Le renversement de la conception de Dieu est la fin des absolus

« La culpabilité et la punition, objecte-t-on, sont des catégories trop claires. Loin d’être législateur et juge, Dieu peut tout au plus être un ami qui accompagne. D’où la fin des absolus. D’où le justificationnisme, qui se nourrit de concepts vagues et indéterminés. Nous ne savons plus quel est l’espace de responsabilité, et à la place d’un Dieu miséricordieux qui pardonne à ceux qui se convertissent, nous mettons un Dieu compréhensif qui justifie toujours et dans tous les cas.

[…]

« Maintenant, je me demande : en tant que baptisé dans l’Église catholique, de quel Dieu suis-je appelé à témoigner ? D’un Dieu génériquement compréhensif ou d’un Dieu véritablement miséricordieux ? D’un Dieu qui efface la culpabilité de l’homme ou d’un Dieu qui la prend en charge en Jésus, son médiateur et mon rédempteur ? D’un Dieu qui m’offre une consolation superficielle ou d’un Dieu qui me libère du péché ? D’un Dieu devenu homme par amour ou d’un homme qui par présomption veut devenir Dieu ?

[…]

Tradition vient du beau verbe latin tradere, livrer, transmettre

« Nous devons faire preuve de patience et ne pas nous lasser de tenir bon. Si le Seigneur nous envoie cette épreuve, c’est pour notre plus grand bien. C’est pourquoi, paradoxalement mais pas trop, je remercie le pape argentin. Avec lui, tous les nœuds atteignaient leur paroxysme, toutes les contradictions se manifestaient. Désormais, la situation est claire et nous avons la possibilité de choisir notre camp.

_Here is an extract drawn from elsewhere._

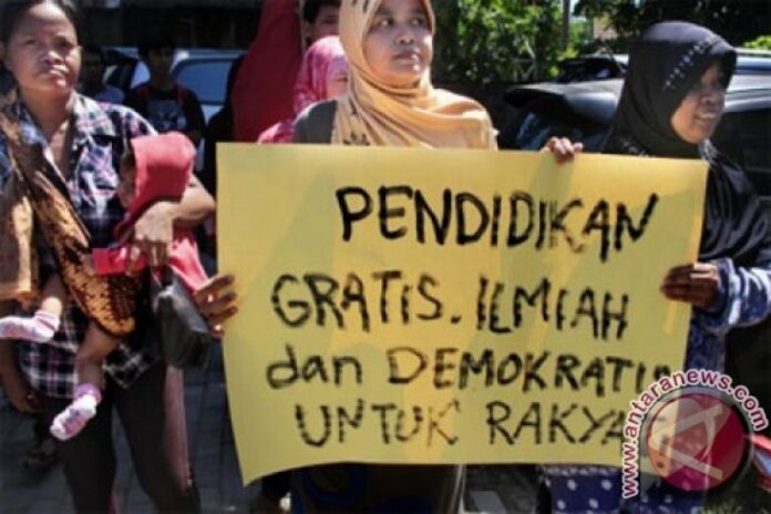 Protes Pungutan Pendidikan Sejumlah ibu rumah tangga berunjuk rasa di depan Kantor Diknas Kota Serang, Banten, Senin (14/7). Mereka memprotes masih adanya pungutan biaya pendidikan di sekolah negeri sebab selain memberatkan juga tumpang tindih dengan dana BOS yang telah diberikan kepada sekolah melalui APBN. (ANTARA FOTO/Asep Fathulrahman)
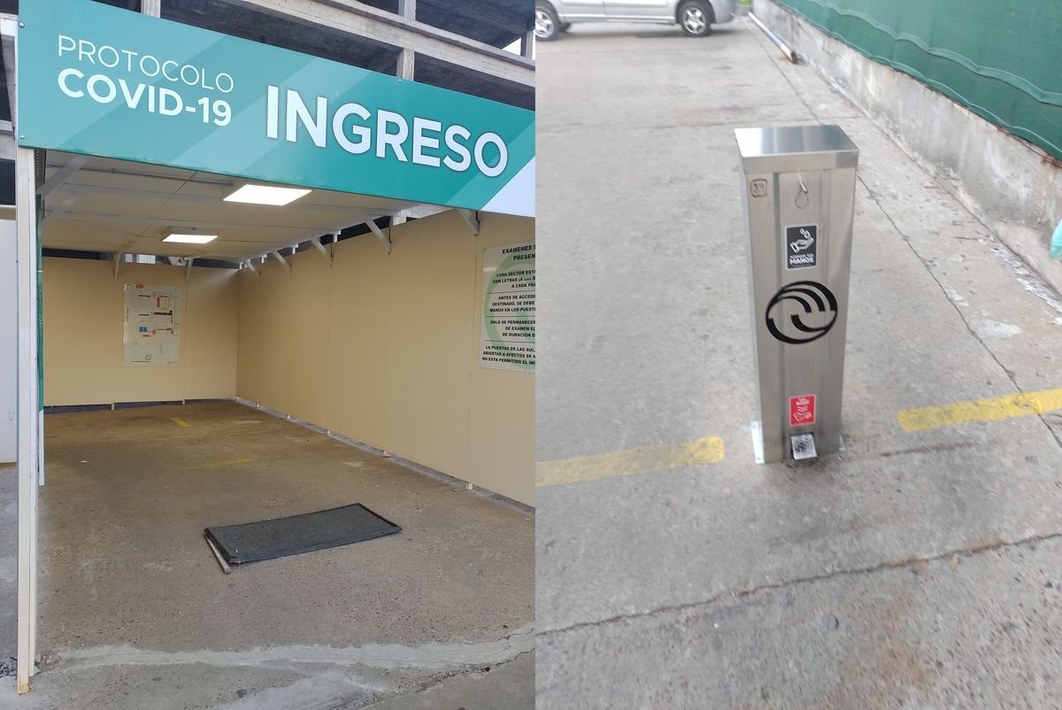 Sin embargo, todas las personas que entren deben pasar por un pasillo higiénico que se instaló en ambos ingresos. Dentro de este hay una alfombra para limpiarse los pies y a la salida hay unos dispenses de alcohol en gel que se activan a pedal para evitar el contacto directo con las manos.

« Depuis que je dis et écris depuis un certain temps que l’Église catholique s’est infiltrée dans une pensée et même dans un enseignement qui ne sont pas catholiques, je suis devenu pour certains tout à coup un traditionaliste. Il y a des amis qui, en se donnant des coups de coude, me regardent plein de tristesse et disent : « La pauvre. C’était une si bonne personne, et maintenant c’est un traditionaliste. » Comme si j’avais attrapé une grave maladie.

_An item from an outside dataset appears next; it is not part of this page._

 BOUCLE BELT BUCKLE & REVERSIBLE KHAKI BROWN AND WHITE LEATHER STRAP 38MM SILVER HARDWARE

« L’étiquette de « traditionaliste » ne me dérange pas. Mais je serais plus heureux s’ils disaient que j’étais traditionnel. Aussi parce que je pense qu’on ne peut pas être catholique sans être traditionnel. Tradition vient du beau verbe latin tradere, livrer, transmettre. Et lorsque vous recevez un cadeau aussi beau que la foi, vous ne pouvez pas vous empêcher de vouloir le transmettre. Possiblement intact. Peut-être que vous le pouvez, peut-être pas, mais vous ne pouvez pas y renoncer.

« Le désir d’étiqueter va généralement de pair avec l’incapacité d’argumenter. Les étiquettes sont pratiques car elles évitent l’effort de réflexion. Mais c’est précisément le moment où nous devons repenser, car les crises de la foi et de la raison vont de pair et s’influencent mutuellement.

« Comme « l’Église qui sort », « signes des temps » est aussi une expression qui sonne bien. Et d’ailleurs, les champions du Concile Vatican II l’ont érigé comme leur étendard. Mais nous avons vu où nous a conduit la demande de saisir les signes des temps : l’Église à la remorque du monde, comme si le monde avait quelque chose à enseigner à l’Église et non l’inverse. Eh bien, il est maintenant temps de revenir pour saisir les signes de Dieu.

« L’Église qui sort » est l’Église à la remorque du monde, comme si le monde avait quelque chose à enseigner à l’Église et non l’inverse

« Clive Staples Lewis a recommandé : lorsque nous nous tournons vers le bon Dieu, ne confondons pas la demande de pardon avec la demande d’excuse. « Un homme – écrit Chesterton dans Orthodoxie – a le droit de douter de lui-même et non de la vérité », mais nous avons inversé cette proposition. Ainsi, « chacun croit exactement à cette partie de l’homme à laquelle il ne doit pas croire, lui-même, et doute exactement à cette partie dont il ne doit pas douter : la raison divine ».

« J’ai dit que François n’était que le dernier maillon d’une chaîne, et c’est vrai. Mais c’est un anneau qui a ses propres caractéristiques, et il faut en être conscient. Quand je parle de la crise actuelle de l’Église et au sein de l’Église, certains amis tentent de me consoler en affirmant qu’il y a eu de nombreuses crises dans le passé et que l’Église en est toujours sortie. Indubitable. Mais la crise actuelle est unique. Il n’y a pas de précédent car il ne s’agit en réalité pas d’une énième crise. C’est censé être l’assaut final. Nous sommes ici face à un pape qui, au nom des puissances qui le soutenaient, a mis en œuvre dès le début de son mandat un plan destiné à déstabiliser et à renverser. Pas une crise donc, mais une révolution. Un nouveau chapitre révélateur de la guerre moderniste contre l’Église catholique.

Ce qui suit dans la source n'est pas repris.